The past term of graduate school I was hospitalized for more than four days, twice. In only 10 weeks. During my PhD coursework I have had numerous ER visits, more than six hospitalizations, four surgeries and countless changes in medications. I am still on time for my program, and have not repeated a single course, and that is not without fighting tooth and nail to stay on top of things when my advisor was pushing for an incomplete. This is not martyrdom or bragging – this is merely the constant struggle and fierceness that a lifetime of chronic illness provides. We are warriors. It is what we say, but more importantly it is the truth in our hearts.

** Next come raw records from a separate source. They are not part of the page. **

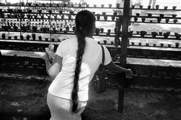 SRI LANKA. Anuradhapura. The Bodhi Tree Temple is believed to house an offshoot of the tree under which the Buddha had his revelation. A pilgrim lights oil lamps.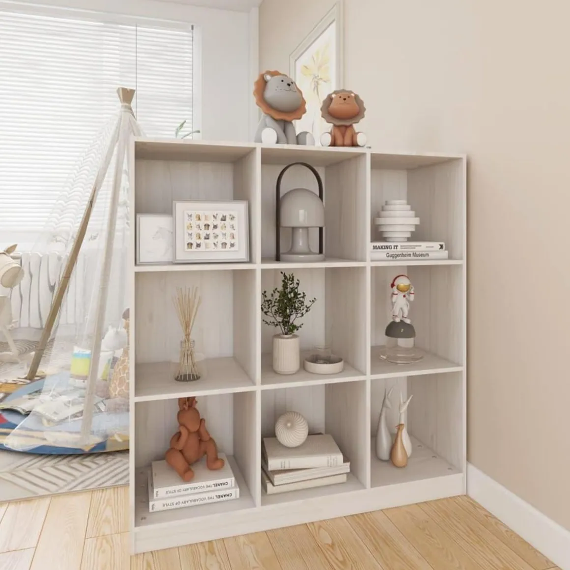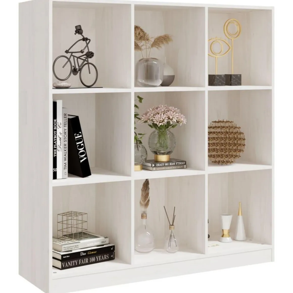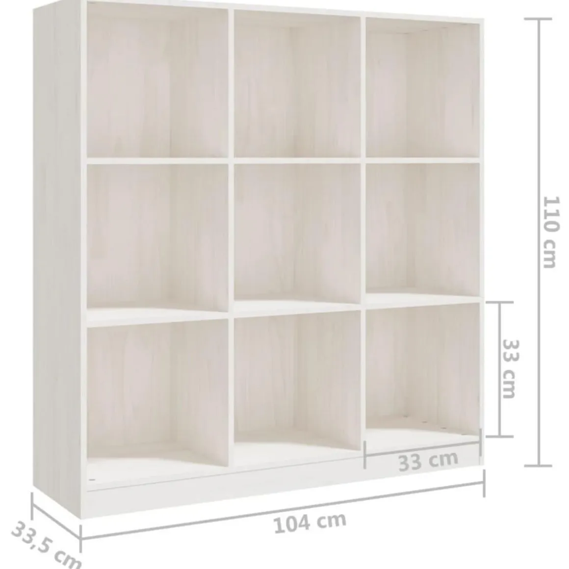 Le porte-livres est en bois de pin massif, ce qui le rend robuste et stable. Conçue avec 9 compartiments spacieux, la bibliotheque offre un grand espace de rangement pour garder vos magazines, livres, DVD, appareils multimedias et autres objets decoratifs bien organises et a portee de main. De plus, en tant qu’etagere polyvalente, elle peut egalement servir de cloison de separation, ce qui en fait un choix parfait pour votre couloir et tout autre espace de vie. Le porte-livres est facile a nettoyer avec un chiffon humide.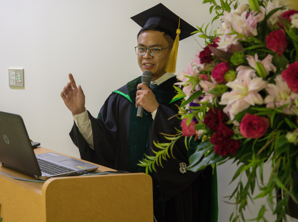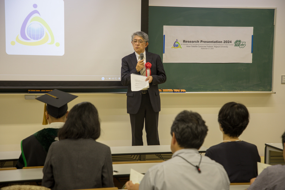 The Asian Satellite Campuses Institute (ASCI) hosted a special graduation ceremony on 27 September 2024 to honour four graduates who earned their doctoral degrees in the Transnational Doctoral Programs for Leading Professionals this academic year. The event took place at the Graduate School of Bioagricultural Sciences. Professor Akira Yamauchi of ASCI introduced the graduates: Dr. Fayaz Said Hafizullah and Dr. Frozanfar Muhammad Kamel (both in Medicine from Afghanistan), and Dr. Hadji Cortez Jalotjot and Magsino Landicho (both in Bioagricultural Sciences from the Philippines). Congratulatory speeches were given by Nagoya University President Naoshi Sugiyama, Vice President Shogo Kimura, Dean Hiroshi Kimura of the Graduate School of Medicine, and Dean Mikio Nakazono of the Graduate School of Bioagricultural Sciences. After that, the four graduating students delivered presentations on their doctoral research.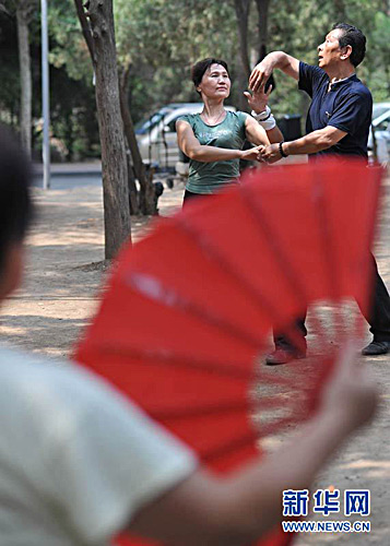 6月30日,在济南泉城公园,市民在树荫下健身。当日10时20分,山东省气象台解除连续三天的高温橙色预警信号。郭绪雷 摄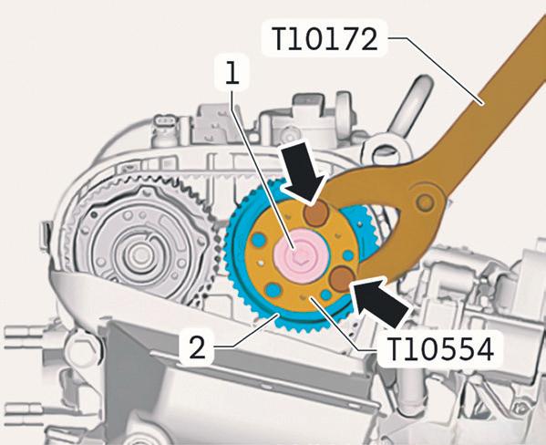 Com a correia dentada devidamente instalada, é hora de apertar os parafusos das polias dos comandos de válvulas. É fundamental lembrar que cada uma dessas polias deverá ser imobilizada pela ferramenta T10172/2-9 em conjunto com a T10554. E, ainda, conforme recomendado anteriormente, esses parafusos deverão ser novos, pois agora passarão por três fases de torqueamento, como segue: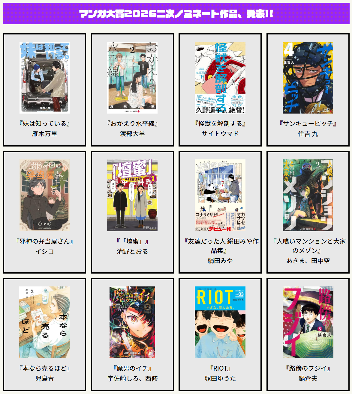 | … | 33無念Nameとしあき26/01/29(木)13:20:10No.1383464292+妹フジイ本は知ってるけど大賞の格じゃないんだよなぁ |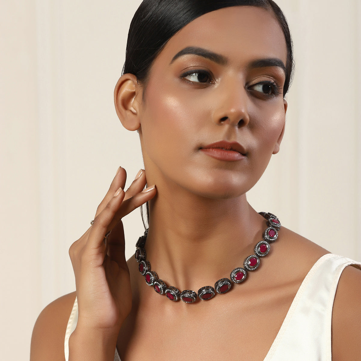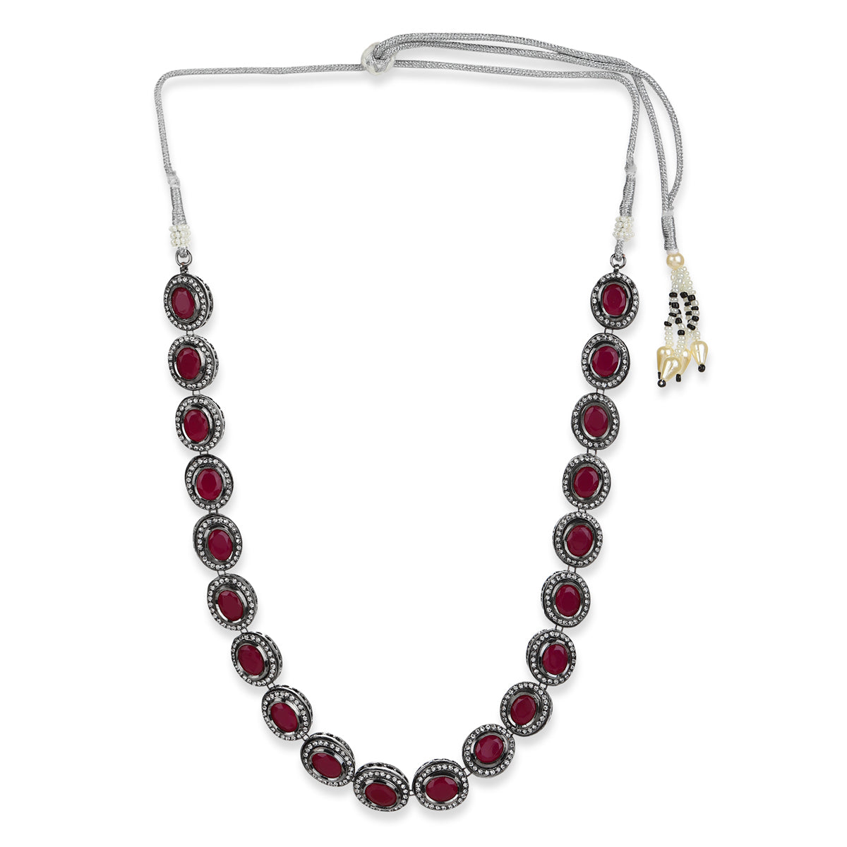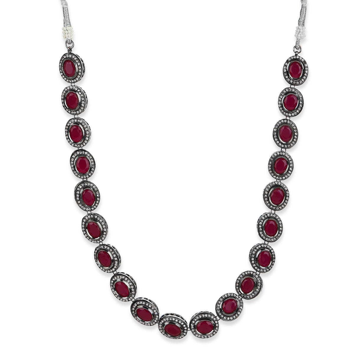 Maroon Silver Tone Kundan Necklace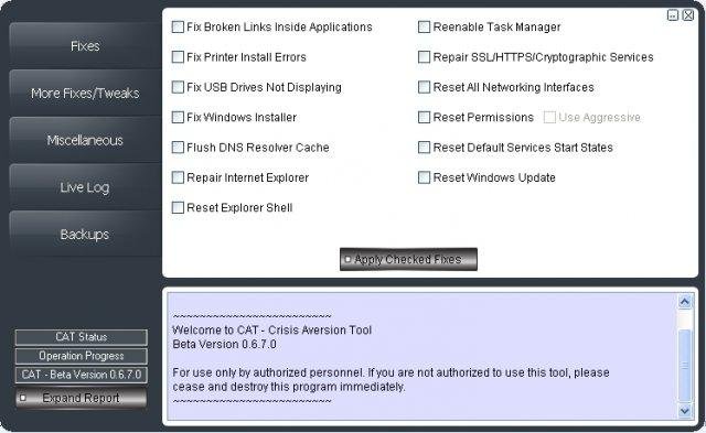 Crisis Aversion Tool aides in computer repairs with a large collection of commonly needed windows fixes, a full Restore Point Manager, research tools/links, and more.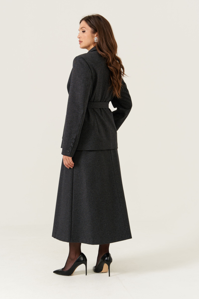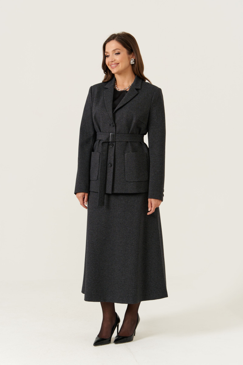 Жакет женский из поливискозного трикотажного полотна полуприлегающего силуэта для повседневной носки. Жакет с центральной бортовой застежкой на три обметанные петли и три пуговицы. Перед имеет две нагрудные и талиевые вытачки и накладной карман. Спинка со средним швом и двумя талиевыми вытачками. Горловина обработана пиджачным воротником. Рукава длинные, втачные, по низу рукава имеется декоративная шлица. В комплекте идет пояс для придания большего облегания в области талии. Жакет на поливискозной подкладке. В данном жакете вы будете выглядеть очень стильно и уверенно, а главное он удивит вас своей интересной конструкцией.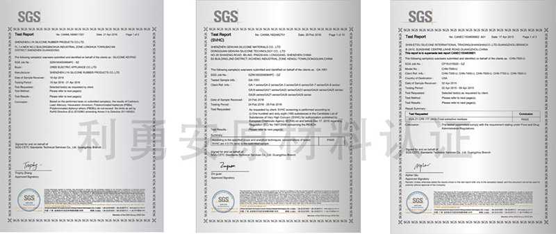 我們的硅膠原材料都經(jīng)過了國(guó)際認(rèn)證標(biāo)準(zhǔn),認(rèn)證報(bào)告分別有(ROHS、鹵素、PAHS、REACH、FDA、LFGB、MSDS、USP、NSF、UL黃卡等)。
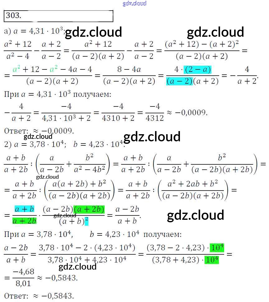 Ответ на задание 303 Учебник Алгебра за 8 (восьмой) класс Колягин, Ткачева, Федорова, Шабунин УМК 2013 ФГОС онлайн и без номера телефона.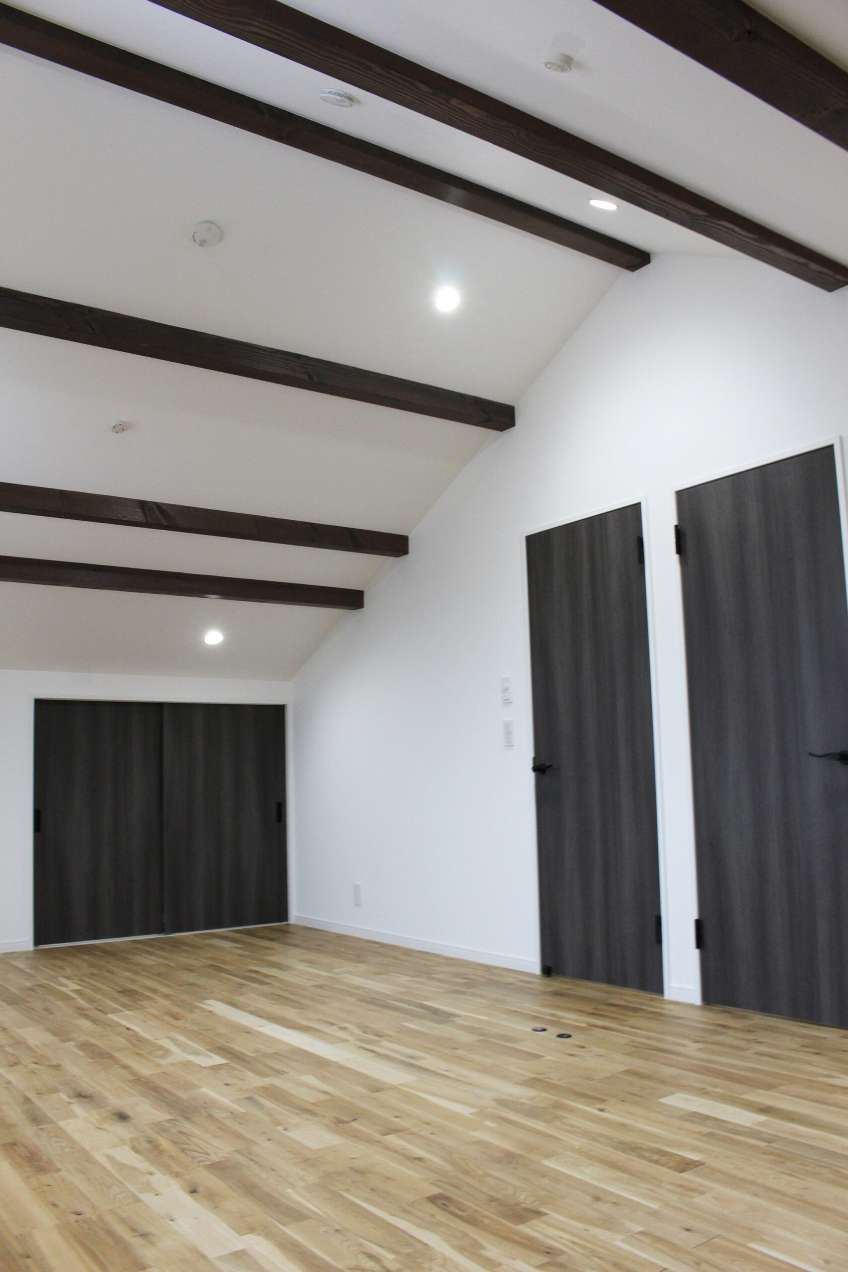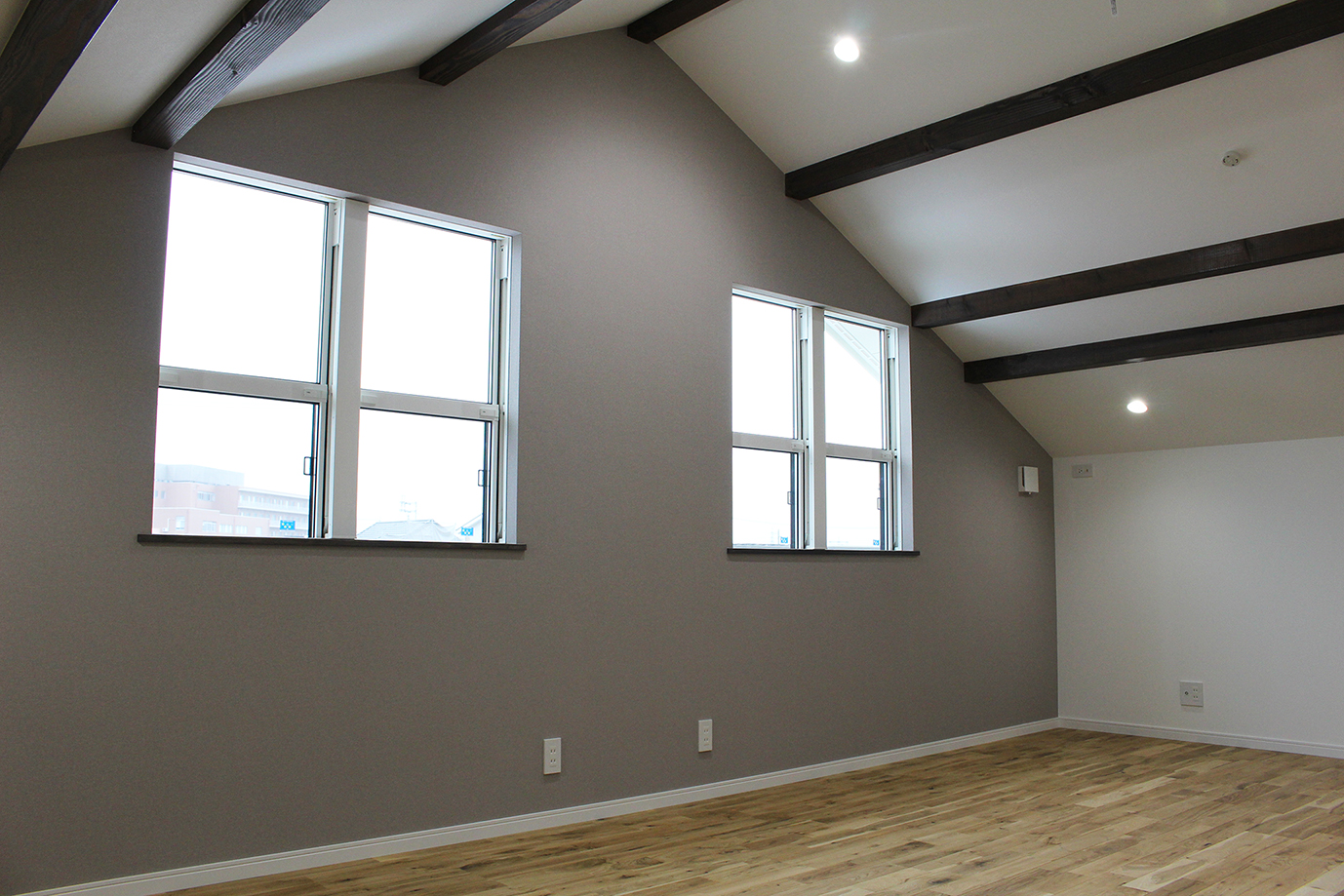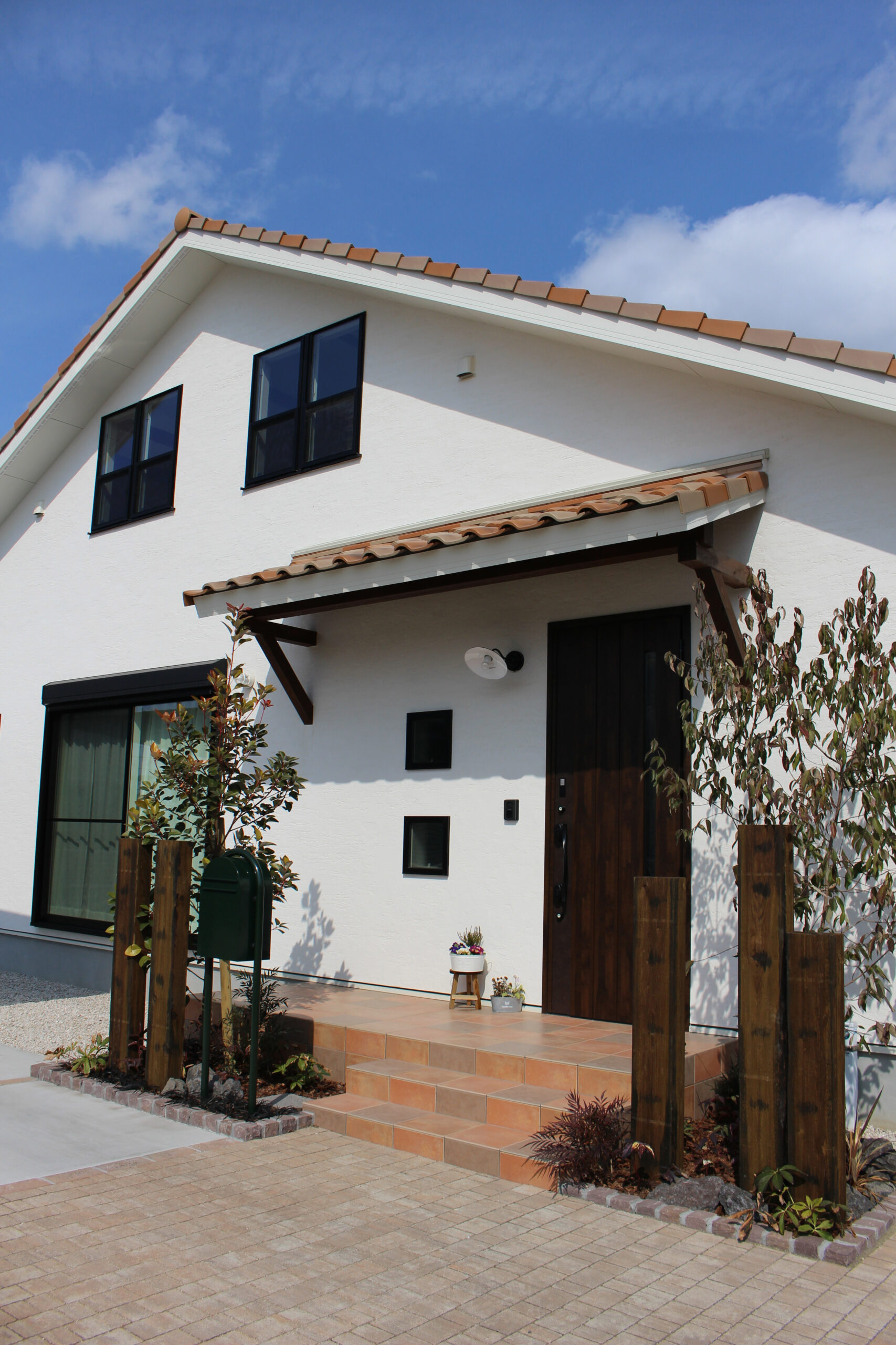 平屋のように見える大きな三角屋根と漆喰の塗り壁に、ダークカラーの窓や玄関ドア、外構デザインを組み合わせて、アンティークで落ち着いた雰囲気に仕上げました。大屋根を活かした高さのある勾配天井の子供部屋では、平天井にはない空間の動きが感じられます。小屋裏のデッドスペースをムダにしない大容量の収納も魅力的です。

Because even with our amazing support systems, most often no one is there when we struggle to fight through some form of brain fog from sickness or meds to finish that paper, or work, or take care of our little ones. No one sees the tears we finally shed when things overflow into an overwhelming flood, usually after a giant heap of things we have overcome easily. No one understands what it is like to truly never be without illness, or pain, or difficulty breathing, but to smile and celebrate anyway when we accomplish something great.

Because even as I sit here with fairly intense GI pain, slight difficulty breathing due to severe asthma and joint pain on the plane ride home from getting my Dissertation Research Plan approved at the end of completing all of my coursework, all I can think about is, I did it. I did something hard, and I struggled with it so much, but it was completely worth it.

celebrating with a drink on the plane
Celebrating.

And most often “we,” meaning those of us in the chronic illness or Mighty community, sort of look down and smile softly like things aren’t a big deal when we accomplish something against the odds. Well, not today. Not now, when things are so sad in the world, so difficult, and we have so many incredibly hard days. No, today I am sharing good news with everyone. And so should you. Today, “we” did this. This community saw me through this last year, my hardest health year in 35 years, and “we” just went through my milestone together, because we are awesome.